Dawning understanding

Over the last ten years I have spent a lot of time talking about data centers to people outside the sector – journalists, policymakers, friends, students. Their questions are instructive. “Does the internet run through the electricity grid?” “Why can’t data centers all be built in Iceland?” “Why does my smartphone need a data center?” “Why do we need data centers now we have the cloud?” And so on. These told me two things: firstly that people struggle to understand what data centers do and why we need them, and secondly that the sector needs to do a better job of explaining itself.

But getting people to understand that data centers are important is only part of the solution. Everybody knows perfectly well that electricity is critical but nobody wants to live under a pylon. So operators have to understand and address the concerns of local residents, of local government, of planning authorities, of utility providers and of course other industry groups who might have an interest, particularly farmers. Developers need to think carefully how they can best help host communities achieve their educational and employment ambitions: they need to think in terms of community dividends, not share dividends. And clustering could actually be a benefit if operators are prepared to work collectively.

But to do all this successfully requires resource and persistence, and recognition that social performance is not a fluffy add-on but a strategic way of managing business and reputational risk There are industries that have been doing this successfully for decades and while data centers may feel they have little in common with chemicals, energy or mining, it is here and not in digital infrastructure where best practice resides.

So what is this best practice? Simplistically, there are some golden rules: social performance must be strategic, and the community engagement and community development activities that are part of this strategy must be qualitative: relevant and necessary at a local level. They should be proactive rather than reactive, sustained and consistent, not short term or piecemeal. This may all seem obvious but the effort is not trivial and in most regions, and for most operators, it is no longer optional.

Two sides to the contract

However, there are two sides to any social contract. As citizens, we need to accept that if we want to live connected lives, then we need digital infrastructure which means data centers: they are the physical manifestation of the digital world. They are where the internet lives. As such they underpin almost everything we do and enable our economy to function, from supermarket logistics to vaccine development. But, despite the fact that we depend on the internet for every aspect of our daily lives; we often don’t make that connection: a recent demonstration opposing data center developments was organized and publicized entirely through internet-enabled social media, but the irony was entirely lost on the instigators. There is a sense that the internet somehow runs by magic. It does not, it is an essential utility and it runs on physics.
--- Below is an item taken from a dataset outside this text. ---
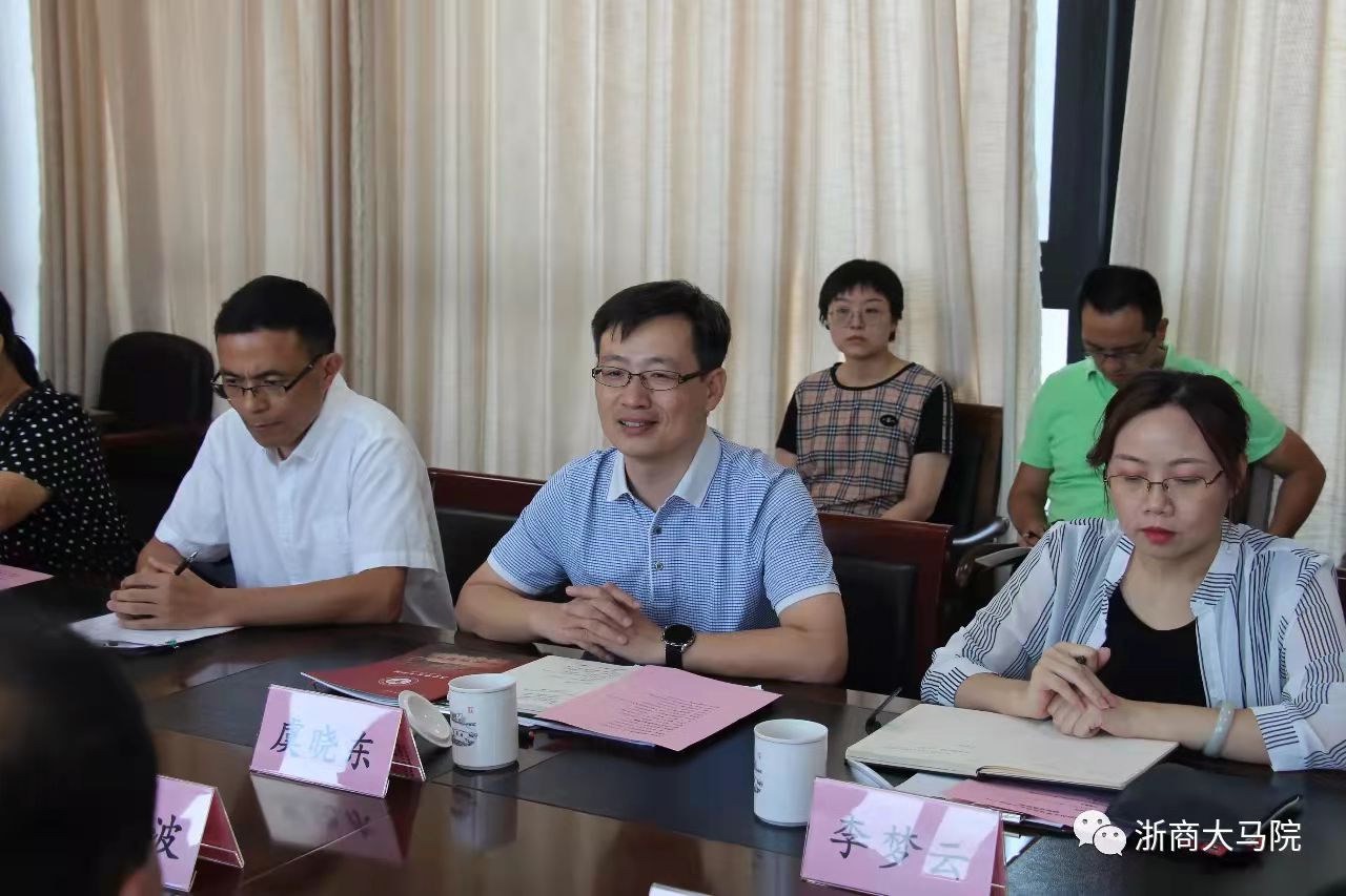 浙江工商大学马院党委书记虞晓东、副院长李梦云、党委副书记、副院长郭飞以及各教研部主任等参加了交流座谈会。两校人员敞开心扉,围绕学院建设、师资队伍、人才培养、团队建设、党建工作等方面进行了深入而诚恳的交流。虞晓东书记介绍了浙江工商大学为支持马院建设出台的一系列政策, 副院长李梦云重点介绍了社科基金项目培育和申报博士点等方面的经验,党委副书记、副院长郭飞介绍了思政课程建设体系、教学考核制度,机考管理办法等基本情况。

Moreover, the extent to which we rely on it means that it must work - all the time - and this demands the kind of industrial-scale infrastructure that we would take for granted elsewhere.

So while our party planner, in her (hopefully) immaculate dress, might opt to maintain her insulated existence, data center operators are choosing to engage, and earn their social license to operate. Albeit belatedly, social performance is moving up corporate agendas, both strategic and operational. At a more general level we are seeing greater transparency and accountability: regulators are increasing their scrutiny of data center operations and the sector is setting ambitious targets through voluntary agreements. There is a lot more to be done but things are moving in the right direction. And as transparency improves on energy and resource use, there will be less room for conjecture, and we can all have a more grown-up conversation. I can’t wait.